Although the classification is unsupervised, the classes were intended to represent distinct types of habitats within the river corridor that blend geomorphic features and vegetation communities as observed in the field, including, but not limited to: active channels, secondary channels, accretionary bars, backswamps, natural levees, old-growth forest, wetlands, and beaver meadows. The ISO Cluster Unsupervised Classification ArcGIS Pro tool was used to perform the classification. Inputs to the tool were a maximum of 10 classes, a minimum class size of 20 pixels (tool default), and a sample interval of 10 pixels (tool default). The entire reach was classified once, and then clipped into individual 2-km segments. The classified Swan raster was brought into R for statistical analysis of heterogeneity metrics. Data were visualized using the tidyverse and terra packages. All heterogeneity metrics were calculated using the landscapemetrics package using the Queen’s case.
Statistical analyses
Statistical analyses were conducted in R. The data we collected span different time intervals, and we conduct our statistical analyses to match the temporal and spatial scales of data we have for each of our hypotheses. We used an alpha (probability of rejecting the null hypothesis when the null hypothesis is true) of 0.05 in all statistical analyses.
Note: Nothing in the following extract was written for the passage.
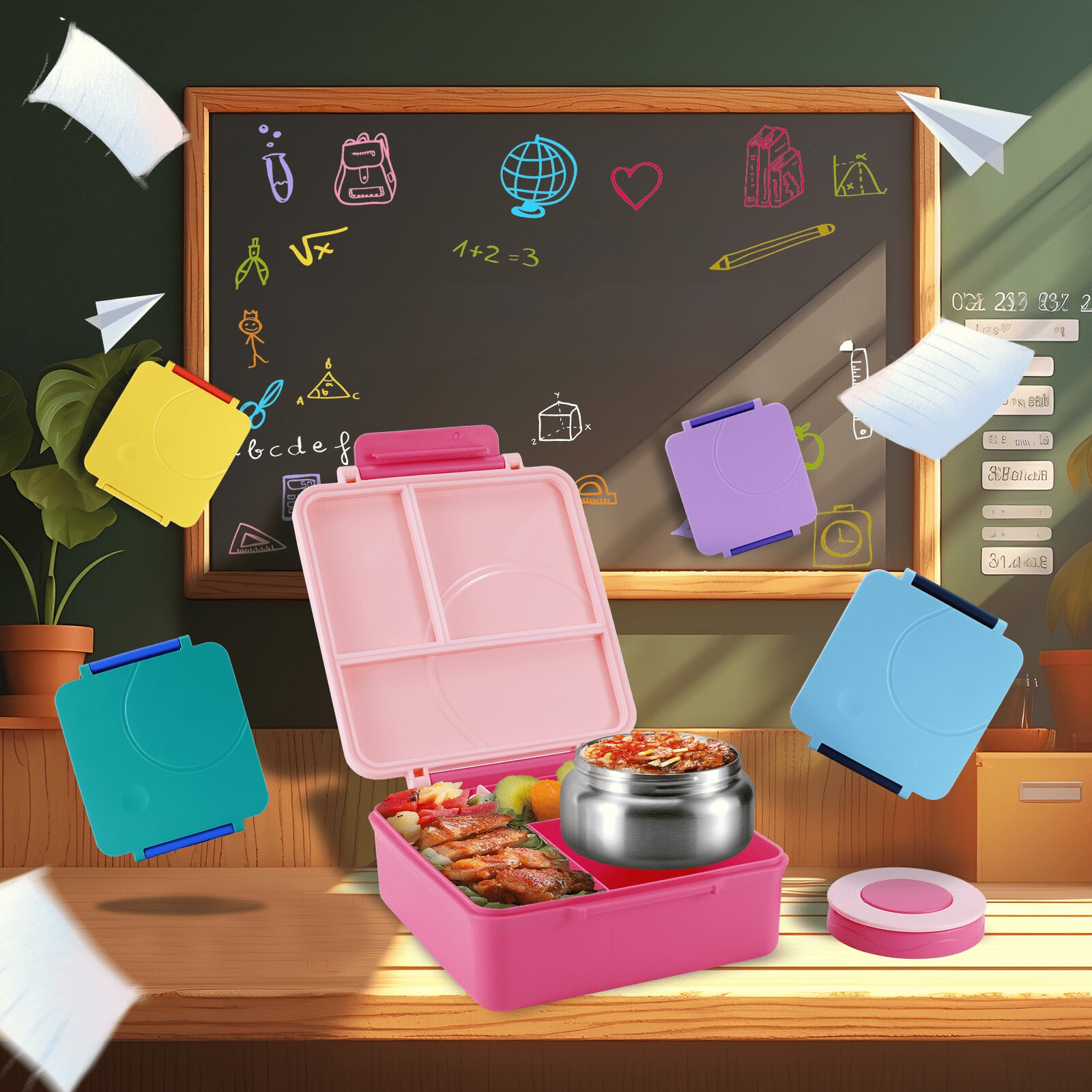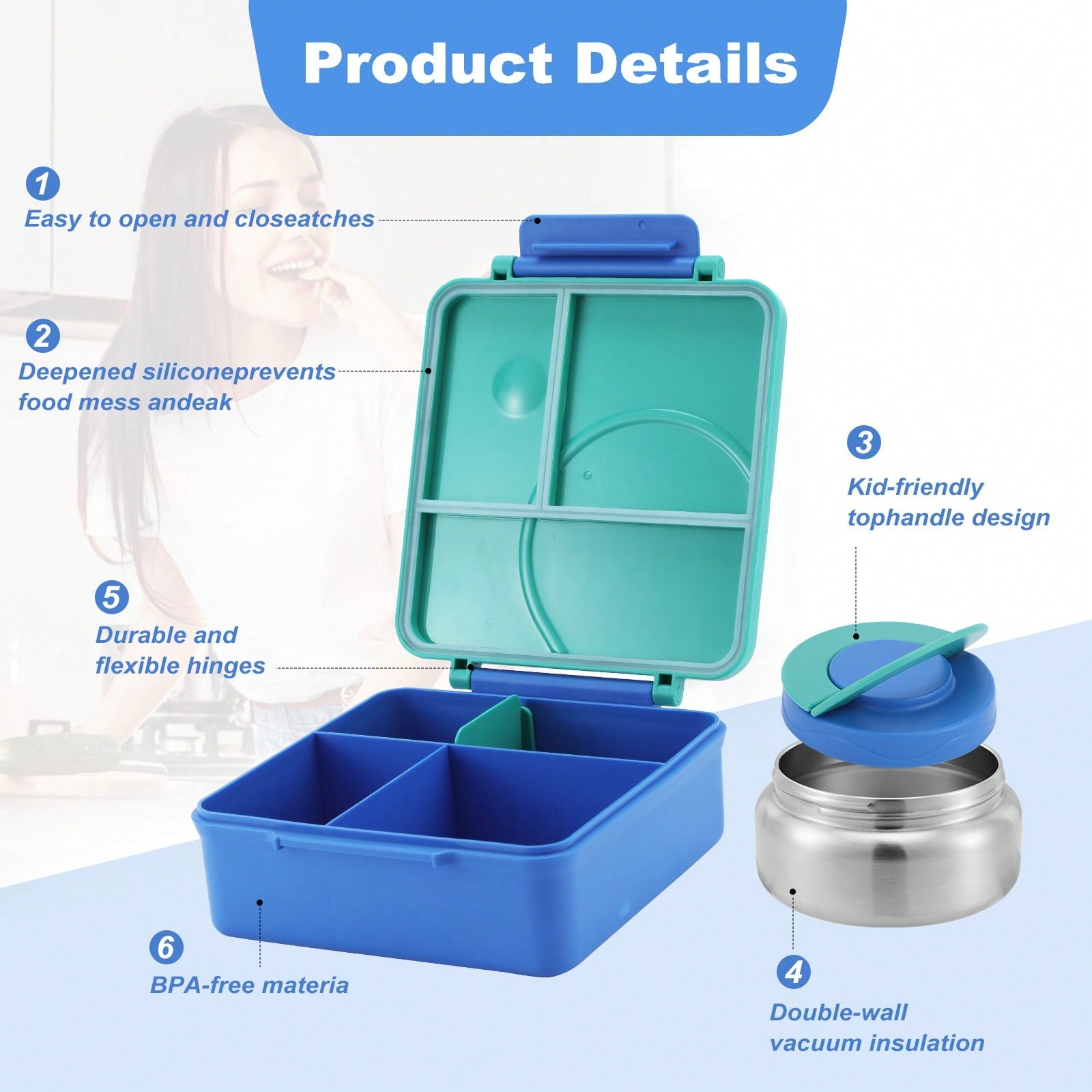 8oz Soup Jar, Leak-Proof Bento Box, 4-Compartment Design, Thermal Insulation, Suitable For School, Travel, Home Decor, Christmas Gift

To understand the influence of time on our river corridor variables, we examined whether there was significant variation in the medians of river corridor variables between timesteps using a Kruskal-Wallis Rank Sum test. For any variable where there was a significant change between timesteps, we used a Dunn Test to determine exactly which groups were different. We also conducted the same exploratory statistical analysis to understand whether there was any significant variation in medians for each variable between segments.
To understand the predictors of channel dynamism (hypothesis i), we created mixed-effect models with total sinuosity or average channel migration as response variables and logjam distribution density, count, persistence, and flow as fixed effects and segment as a random effect. We performed an AICc model selection, corrected for small sample size to provide a relative indication of the quality of statistical model for our given set of data. We included segment as a random effect in our mixed effect models to account for any potential spatial autocorrelation between segments.
To address hypotheses i and ii, we calculated both Pearson (r) and Kendall (τ) correlation coefficients. Given our small sample, we report both r and τ values. All correlation coefficients were calculated using the cor.test() function in base R. Hypothesis iii was further addressed through mixed effect models and AICc model selection to determine whether proportion of beaver meadows, sticky sites, total sinuosity, channel migration, wood distribution density, or wood count are clear predictors of patch density as a spatial heterogeneity metric (response variable). We only used data from 2022 to keep a consistent timestep across all variables. We included segment as a random effect in our mixed effect models to account for any potential spatial autocorrelation between segments.